Next, the relationship with the texture of the material was investigated.
As illustrated in the figure, it can be understood that, by setting the {100}<011> intensity (ratio to random intensity) of the hot-rolled sheet to 8 or less, the effect of increasing the magnetic flux density by rapid heating can be obtained.
On the other hand, a cold-rolled sheet whose initial orientation is a hot-rolled sheet having high {100}<011> intensity where a ratio to random intensity is more than 8 is difficult to be recrystallized. Therefore, it is considered that the material cannot be sufficiently recrystallized with an induction heating method, and the effect of increasing the magnetic flux density by rapid heating cannot be obtained.
To reduce the {100}<011> intensity of the hot-rolled steel, it is effective to apply hot-rolled sheet annealing to promote recrystallization and grain growth.

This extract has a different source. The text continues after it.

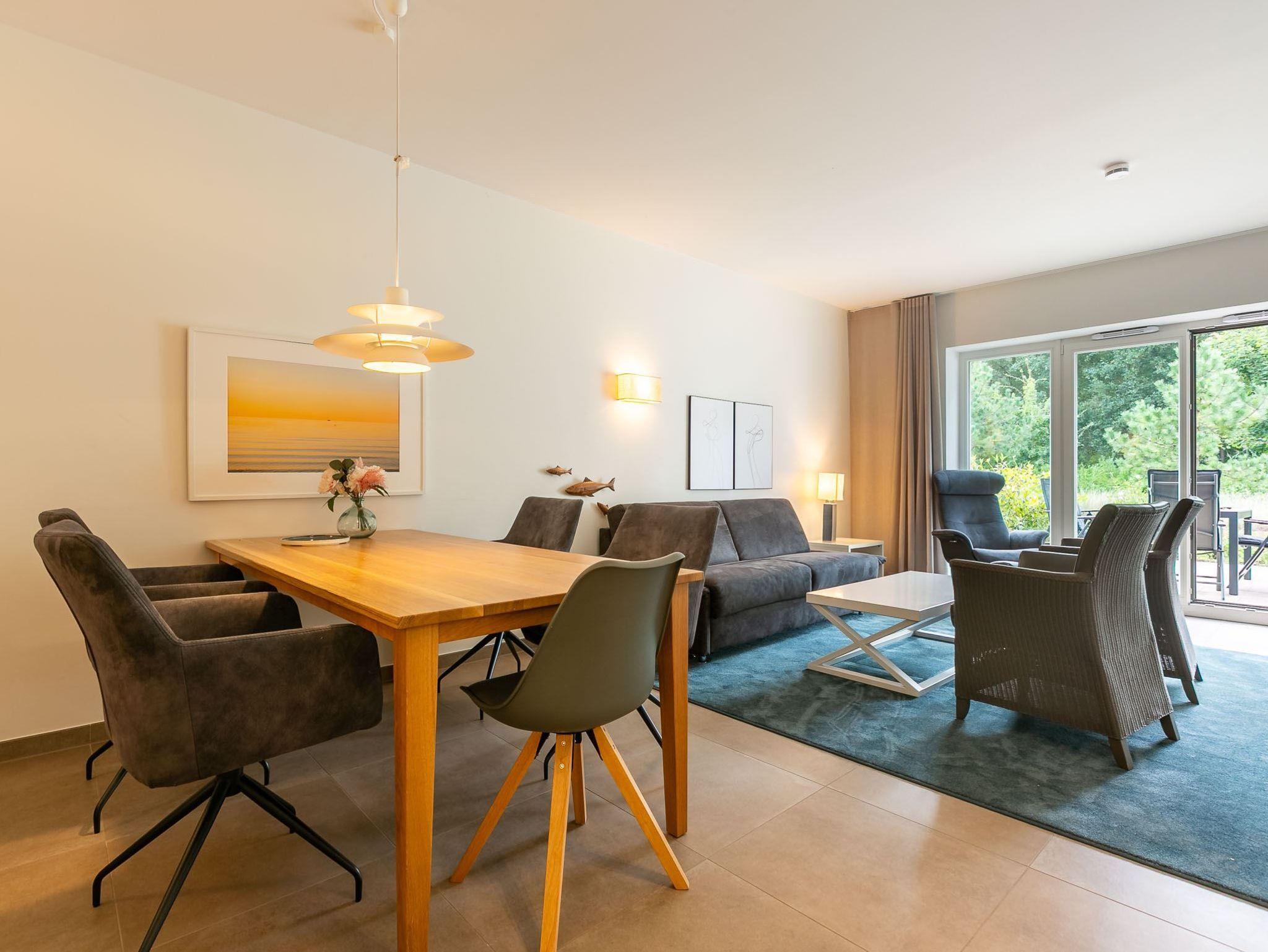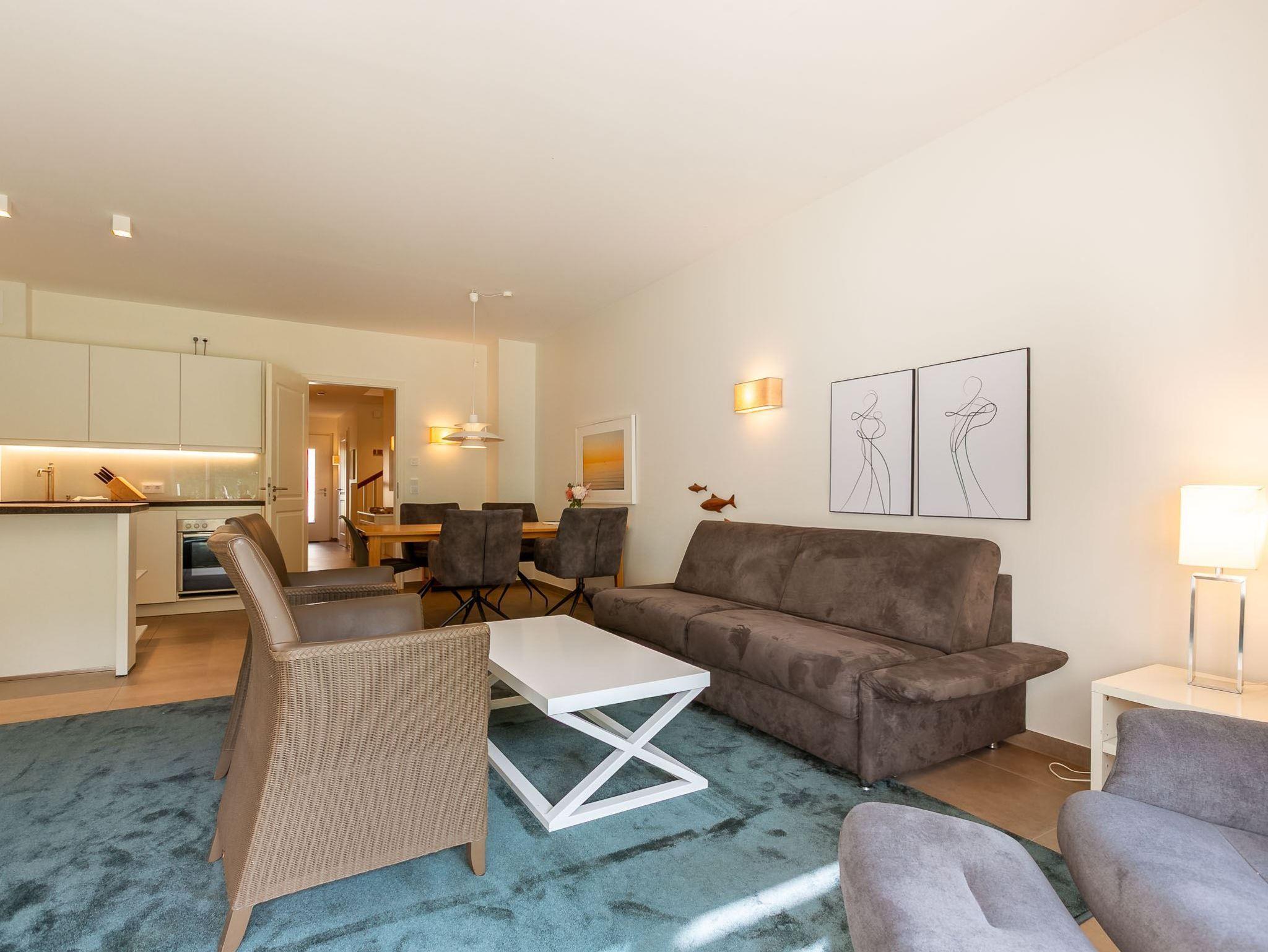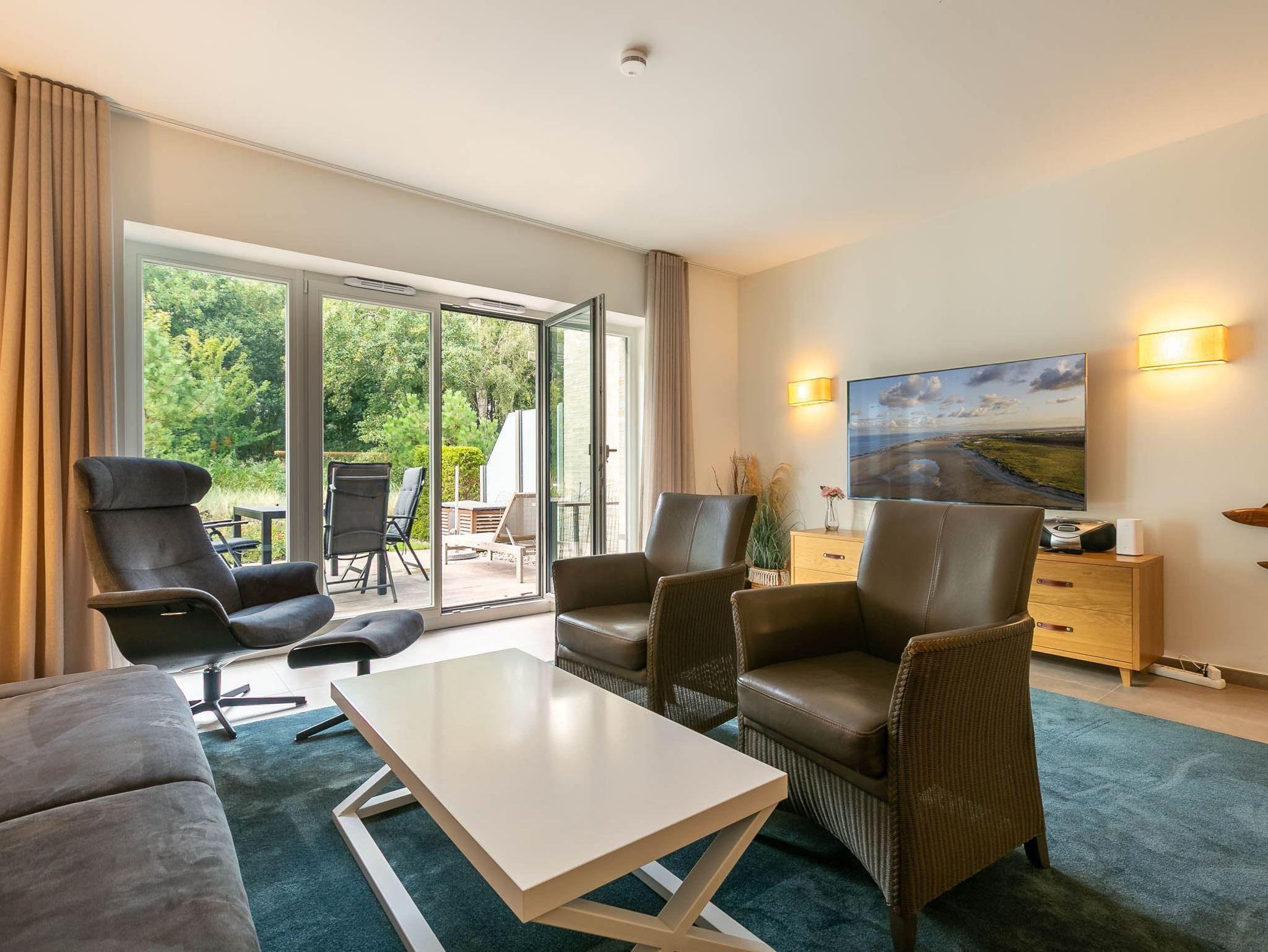 Wohnzimmer mit hochwertigem Schlafsofa (160x200 cm, mit Matratze), Sesseln, großem SMART-TV und Esstisch. Offene Küche mit Backofen, Mikrowelle, Geschirrspüler, Kühl-Gefrierkombination, Nespresso-Maschine und Wasch-Trockner. Zugang zur möblierten Südterrasse mit zwei Sonnenliegen und Garten.

However, the application of high-temperature and long-term hot-rolled sheet annealing requires special equipment, which increases the costs. To reduce the {100}<011> intensity of the hot-rolled sheet without using a high-cost process, it is effective to promote recrystallization during the hot rolling by, for example, increasing the ratio of γ phase during slab heating and performing reverse rolling in rough hot rolling, or performing a reheating treatment in the middle of hot rolling.
It should be noted that the effect of increasing the magnetic flux density cannot be obtained only by rapidly heating a steel sheet using only an induction heating device. This is because the heating efficiency of induction heating sharply decreases near the Curie point, so that it can only reach temperature ranges that are insufficient for recrystallizing the material of the present disclosure. To obtain the effect of increasing the magnetic flux density, it is necessary to continuingly increase the heating rate by radiant heating.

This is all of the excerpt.